Kemudian kami juga pernah mendengar bahwa di dalam perayaan ini ada kemungkaran-kemungkaran yang parah dan tidak dilegalkan oleh syariat, tidak juga oleh indera maupun akal sehat. Mereka bernyanyi-nyanyi dengan mendendangkan qasidah-qasidah yang di dalamnya terdapat ungkapan yang berlebih-lebihan (ghuluw) terhadap Rasul ‘alaihish sholaatu was salaam sampai-sampai mereka mengangkat beliau lebih agung daripada Allah -wal ‘iyaadzu billaah-. Dan kami juga pernah mendengar kebodohan sebagian orang yang ikut serta merayakan maulid ini yang apabila si pembaca kisah Nabi sudah mencapai kata-kata “telah lahir Al-Mushthafa” maka mereka pun serentak berdiri dan mereka mengatakan bahwa sesungguhnya ruh Rasul shallallahu ‘alaihi wa sallam hadir ketika itu maka kita berdiri demi mengagungkan ruh beliau. Ini adalah tindakan yang bodoh. Dan juga bukanlah termasuk tata krama yang baik berdiri ketika menyambut orang karena beliau tidak senang ada orang yang berdiri demi menyambutnya. Dan para sahabat beliau pun adalah orang-orang yang paling dalam cintanya kepada Rasul shallallahu ‘alaihi wa sallam serta kaum yang lebih hebat dalam mengagungkan beliau daripada kita. Mereka itu tidaklah berdiri tatkala menyambut beliau karena mereka tahu beliau membenci hal itu sementara beliau dalam keadaan benar-benar hidup. Lantas bagaimanakah lagi dengan sesuatu yang hanya sekedar khayalan semacam ini?

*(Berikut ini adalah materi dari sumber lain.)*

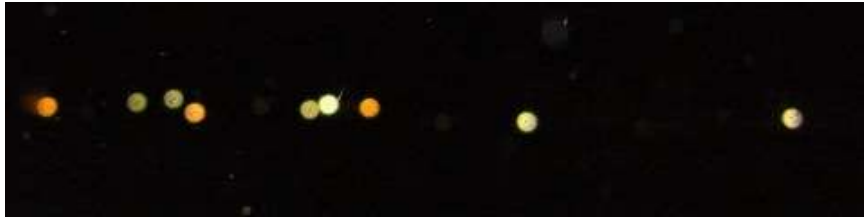
Convivencias en Lanzarote 2011. Esferas.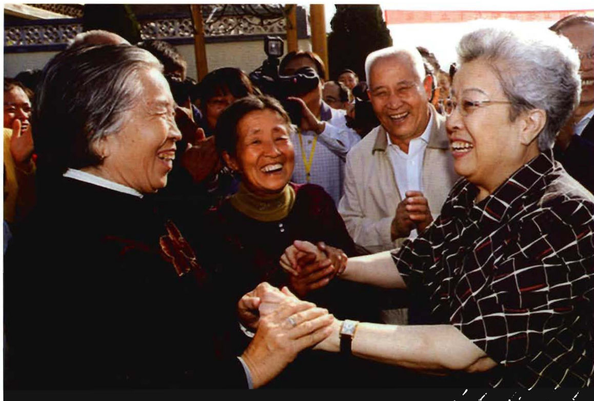
原国务院副总理、全国爱卫会主任吴仪在东四义村视察农村爱国卫生工作时与村民亲切交谈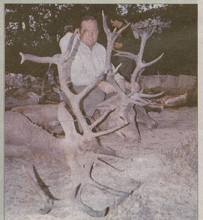
Buenos trofeos se cobraron en la Finca "El Tagarillar".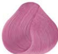
CONFETTI PASTEL Pastel Confetti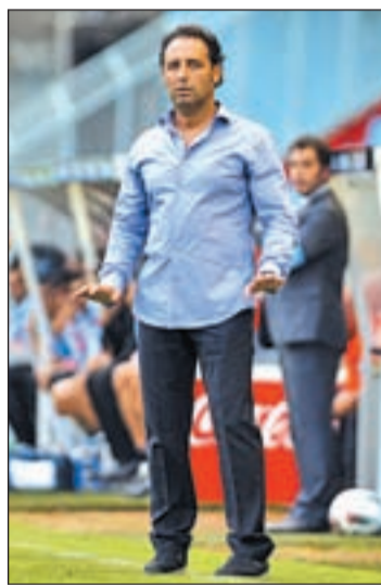
El Alcor ya tiene nuevo 'mister'

Tras pasar tres temporadas en el conjunto ilicitano, fue destituido la pasada campaña, a pesar de haber llevado a este equipo a disputar en la 2010-2011 la final del 'play-off' de ascenso a Primera División, una eliminatoria en la que el Granada acabó cortando de raíz las esperanzas blanquiverdes. Con anterioridad, Bordalás también dirigió a varios equipos de la Comunidad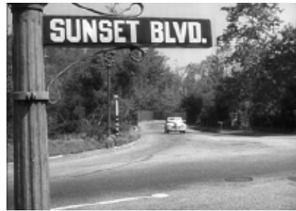
Figure 2-3. Viale del tramonto (Billy Wilder, 1950).

L’inclusione in un neo-noir come Black Dahlia della grande scritta “Hollywoodland” sulle colline della città potrebbe rappresentare allora un simile elemento al contempo indicale e autoriflessivo, un altro “designatore rigido” (fig. 4). 12 Se non fosse che a rendere ancora più complicato il gioco tra rappresentazione e referente geografico c’è il fatto che il film di De Palma è stato girato in Bulgaria. E che quelle colline sono verosimilmente le propaggini del massiccio di Vitoša, pochi chilometri a sud di Sofia.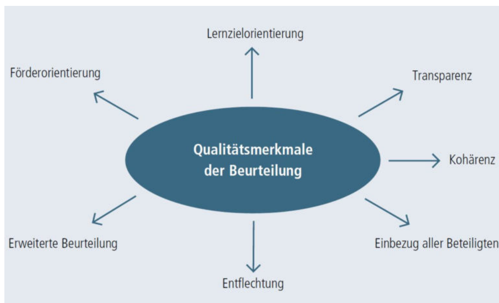
aus: fördern und fordern, Kanton Solothurn, S. 11

Nicht alle im neuen Lehrplan aufgeführten Kompetenzen und Kompetenzstufen müssen beurteilt werden. Wie bisher gehört es zur Professionalität der Lehrpersonen, zu überlegen, wann und mit welchen Mitteln sie Leistungen der Schülerinnen und Schüler einschätzen und beurteilen.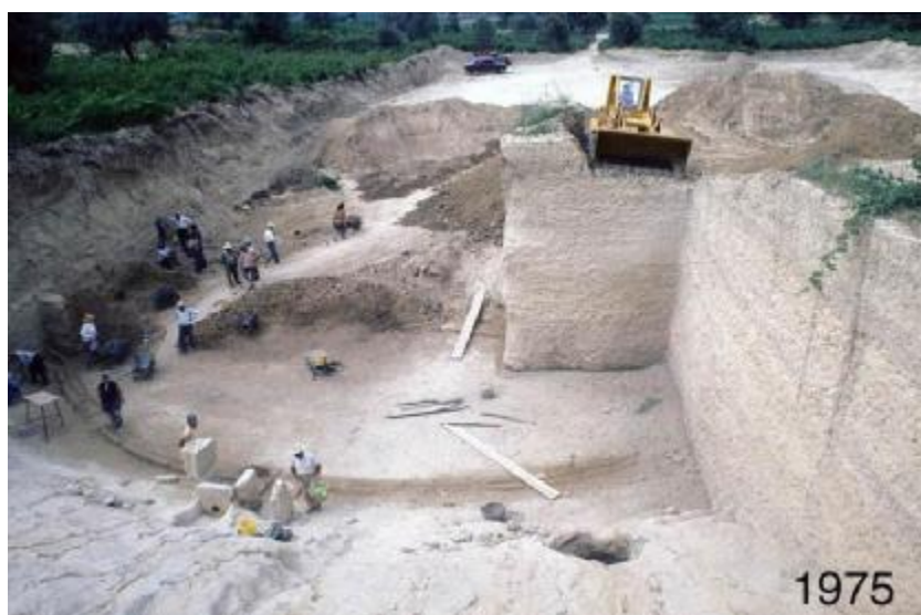
Εικόνα 30 Η ανασκαφή του Σταδίου το 1975.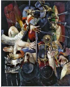
06 Bernhard Heisig: Preußischer Soldatentanz , 1978/79 (2. Fassung) Öl auf Hartfaserplatte, 151 x 121 cm Albertinum Galerie Neue Meister, Staatliche Kunstsammlungen Dresden © VG Bild-Kunst, Bonn 2020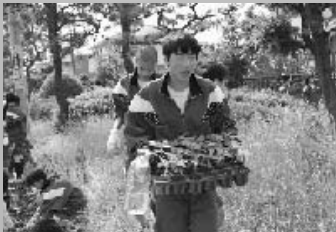
みなみちゅうがっこう ねんせい ▲南 中学校2年生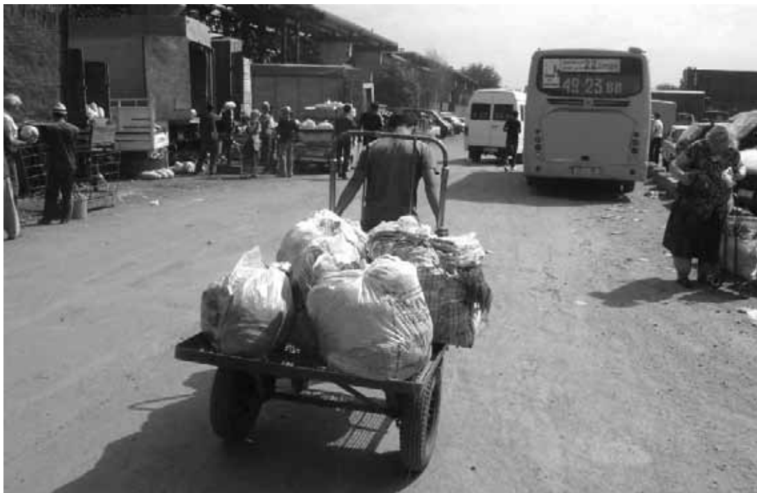
Өлкөдөгү оор турмуш балдардын мектепти таштоосуна себеп болууда

«Жол бергиле, жол, жол!» - деп кыйкырган арыкчырай өспүрүм, Кыргызстандын борбору Бишкектин жер-жемиштерди саткан дыйкан базарында, көп элдин ичинде араба менен өзүнө жол ачып келе жатты.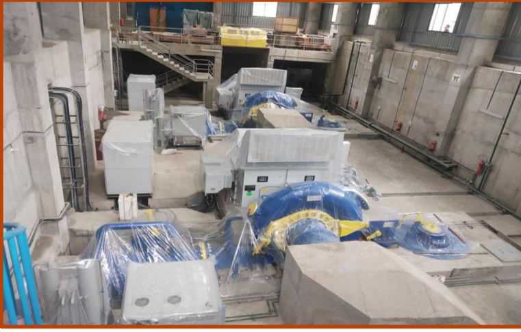
पावर हाउसको मेसिन फ्लोर ।

बाढीले क्षति भएको पावर हाउस क्षेत्रको Machine हरुको मर्मत कार्य सुरु भईसकेको छ । नयाँ खरिद गर्नु पर्ने उपकरणहरुको बारेमा पनि अध्ययन गरि चाँडै नै खरिद प्रक्रिया अगाडि बढाइने छ । क्षति ग्रस्त उपकरणहरुको बिमाको भुक्तानीको लागी बिमा कम्पनी सँग छलफल भईसकेको छ ।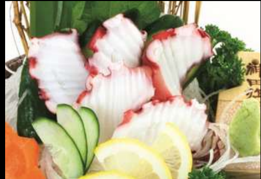
No.414 たこ刺身 TAKO SASHIMI 239.- Octopus Sashimi ปลาหมึกยักษ์ชาฮิชิ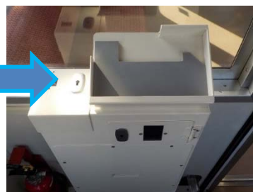
列車の運転台に設置する放送装置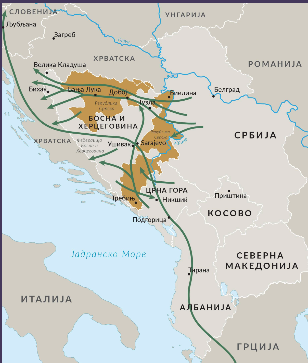
СЛИКА 4 Главни рути за шверц на мигранти на Западен Балкан.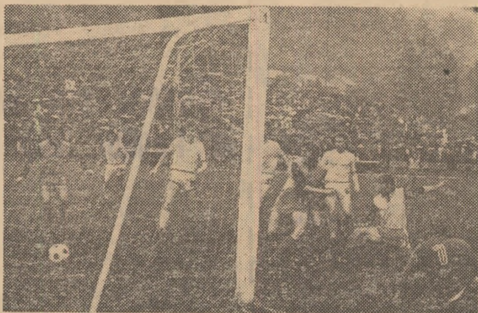
Tribunele pline pe stadionul din Valea Domanului la un meci disputat de formația favorită (în toamnă, cu F.C. Olimpia Satu Mare) pe un timp neprielnic, ploios. Suporterii lui F.C.M. Reșița de-abia așteaptă deschiderea sezonului fotbalistic.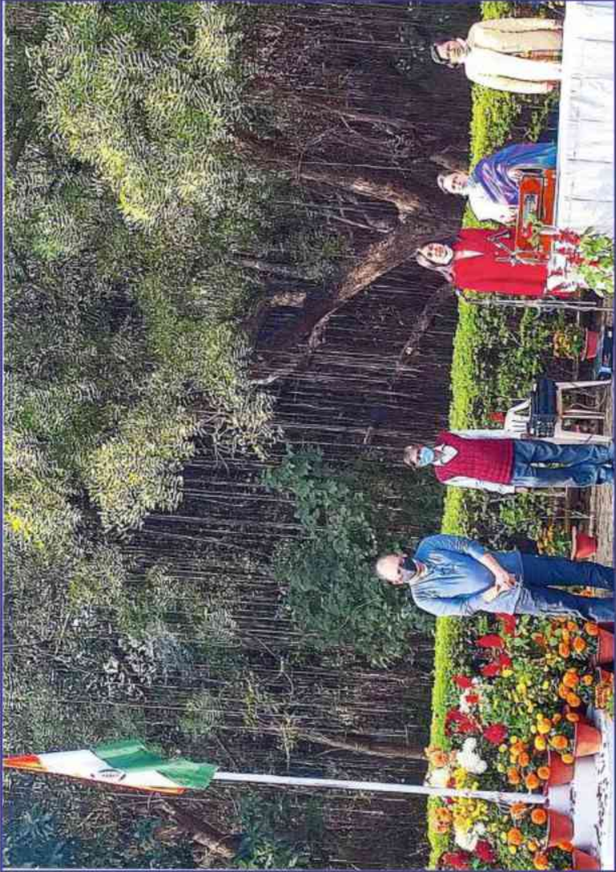
संस्थान में गणतंत्र दिवस 2022 के अवसर पर ध्वजारोहण कार्यक्रम का आयोजन। Flag hoisting programme in the institute on the occasion of Republic Day 2022.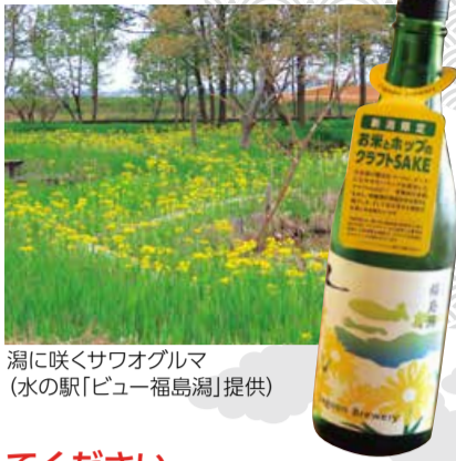
潟に咲くサワオグルマ (水の駅「ビュー福島潟」提供)

品名は「Hopped 福島潟」でホップも効かせたお酒です。新潟の皆さんにこそ手に取っていただいて、「福島潟ってこんなのあるんだ」と、福島潟に来ていただくきっかけになればと思っています。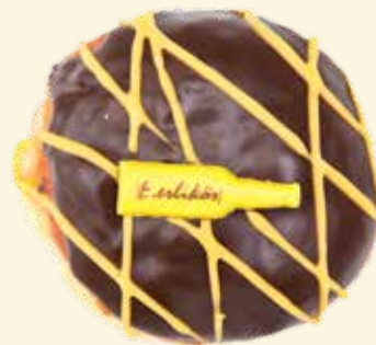
Eierlikör-Kräppel mit selbst gekochtem Vanille- pudding und einem Schuss Eierlikör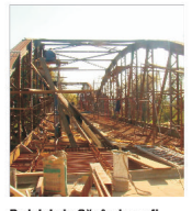
Podul de la Săvârșin va fi finalizat în acest an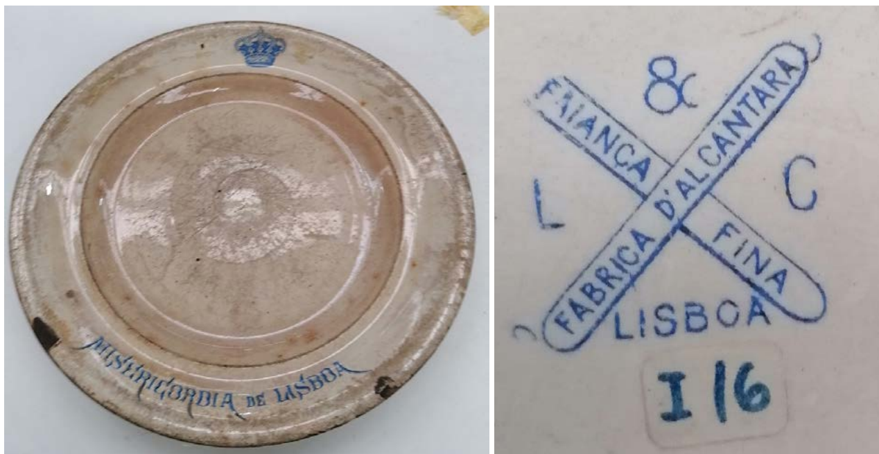
Figura 6 Prato com inscrição da Misericórdia de Lisboa e respetivo carimbo de fábrica, faiança policromada, 1886-1895. Museu de São Roque / Santa Casa da Misericórdia de Lisboa.

série para fábricas e hospitais, também produzia serviços de jantar de diferentes formatos e decorações, passíveis de personalizar, por encomenda, com nomes, datas, heráldica familiar, militar ou institucional. As molheiras são, justamente, um exemplo de uma encomenda personalizada, conquanto se reconheçam paralelos com as demais peças coevas, das quais mantêm o formato e parte do programa decorativo, nomeadamente ao nível das cercaduras, de modelo muito similar ao que acompanha o famoso motivo decorativo da estátua, comumente conhecido como cavalinho, e uma das imagens de marca da Fábrica de Loiça de Sacavém (Câmara Municipal de Loures, 2016).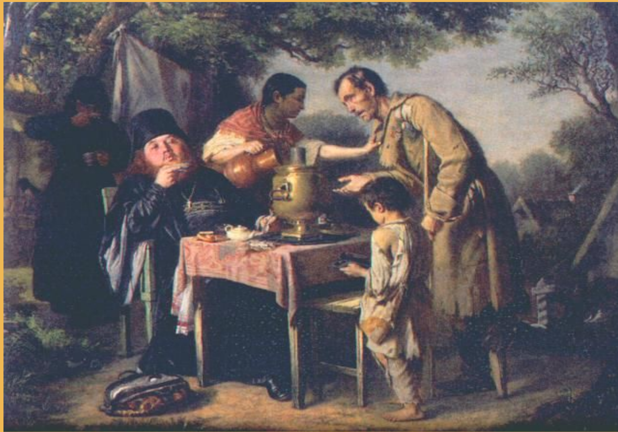
В.Перов. Чаепитие в Мытищах.

Можно ли назвать людей изображенных на картине самостоятельными?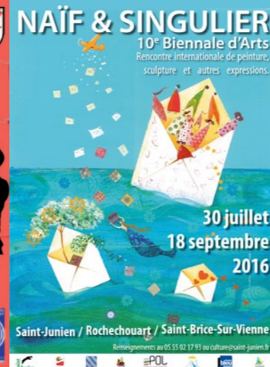
Biennale d'Art Naïf

Bid’ah ini -yaitu bid’ah Maulid- baru terjadi setelah berlalunya tiga kurun utama. Selain itu di dalamnya muncul berbagai kemungkaran ini yang merusak fondasi agama seseorang. Apalagi jika di dalam acara itu juga terjadi campur baur lelaki dan perempuan dan kemungkaran-kemungkaran lainnya. (Diterjemahkan Abu Muslih dari Fatawa Arkanil Islam, hal. 172-174).

Jika kita melihat sejarahnya, Rasulullah S.A.W. dan para sahabat tidak merayakannya, keempat mazhab juga tidak merayakan. Beberapa orang yang merayakan berkata bahwa mereka mengikuti Imam Abu Hanifa.Tapi sebenarnya Imam Abu Hanifa tidak pernah merayakannya.

Para Salafus As-shalih (orang-orang saleh terdahulu) tidak pernah merayakan ini.

Perayaan ini sebenarnya datang dari para Fatimiyyun, tapi saat itu perayaan Maulid tidak terlalu populer. Maulid dipopulerkan oleh Raja Al-Muthafar Kawkaburi di akhir abad keenam atau awal abad ketujuh, sekitar 600-700 tahun setelah Nabi Muhammad S.A.W. berpulang ke rahmatullah.

Dan sebenarnya mereka mengambilnya dari umat non-Muslim. Mereka beranggapan bahwa karena orang-orang Kristen merayakan Natal, maka hari kelahiran Rasulullah juga harus dirayakan karena Rasulullah S.A.W. lebih punya hak untuk dirayakan daripada Yesus (Isa ibn Maryam A.S.). Namun tidak dibenarkan kita merayakannya karena orang-orang yang lebih mengerti agama daripada kita tidak merayakannya.

Orang-orang yang merayakan Maulid Nabi Muhammad S.A.W. juga berargumen bahwa perayaan ini adalah amalan yang baik, karena dalam perayaan ini kita bisa mengingat Rasulullah S.A.W. dan meminta Allah agar merahmatinya. Ini memang hal yang baik, tapi ketika suatu kaum melakukannya tepat pada tanggal yang sama dan setiap tahun, maka ini sama saja mereka telah menciptakan sesuatu yang baru dalam agama.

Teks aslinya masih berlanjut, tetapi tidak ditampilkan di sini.